GIVEN MATERIAL.
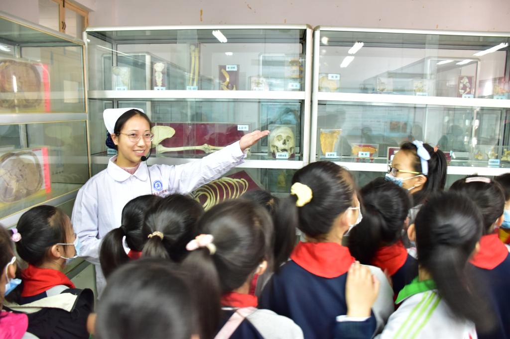11月6日,山东省医学与生命健康教育基地组织湖滨北路小学四年级500名小员工开放参观,湖滨北路小学副董事长韦清云、年级主任袁玥,医药与护理公司负责人、部分专业教师及南丁格尔志愿服务队参加活动。
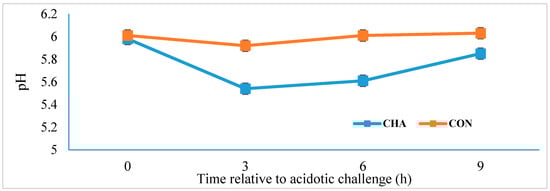 The mean rumen pH was lower (p = 0.04; SE = 0.09) in CHA (5.75) compared to CON treatment (5.99). In fact, the pH value of CHA treatment was below 5.8 for 6 h after the acidotic challenge (Figure 1).
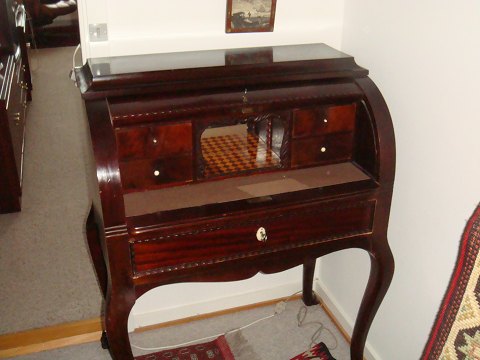 med cylender klap og 4 små skuffer med elfenbens knupper og spejl i midt , udtræks bord over stor skuffe

REQUIREMENT. Please write out all of the data verbatim, with no pictures in the copy.

SOLUTION FOR THIS EXERCISE.
11月6日,山东省医学与生命健康教育基地组织湖滨北路小学四年级500名小员工开放参观,湖滨北路小学副董事长韦清云、年级主任袁玥,医药与护理公司负责人、部分专业教师及南丁格尔志愿服务队参加活动。
 The mean rumen pH was lower (p = 0.04; SE = 0.09) in CHA (5.75) compared to CON treatment (5.99). In fact, the pH value of CHA treatment was below 5.8 for 6 h after the acidotic challenge (Figure 1).
 med cylender klap og 4 små skuffer med elfenbens knupper og spejl i midt , udtræks bord over stor skuffe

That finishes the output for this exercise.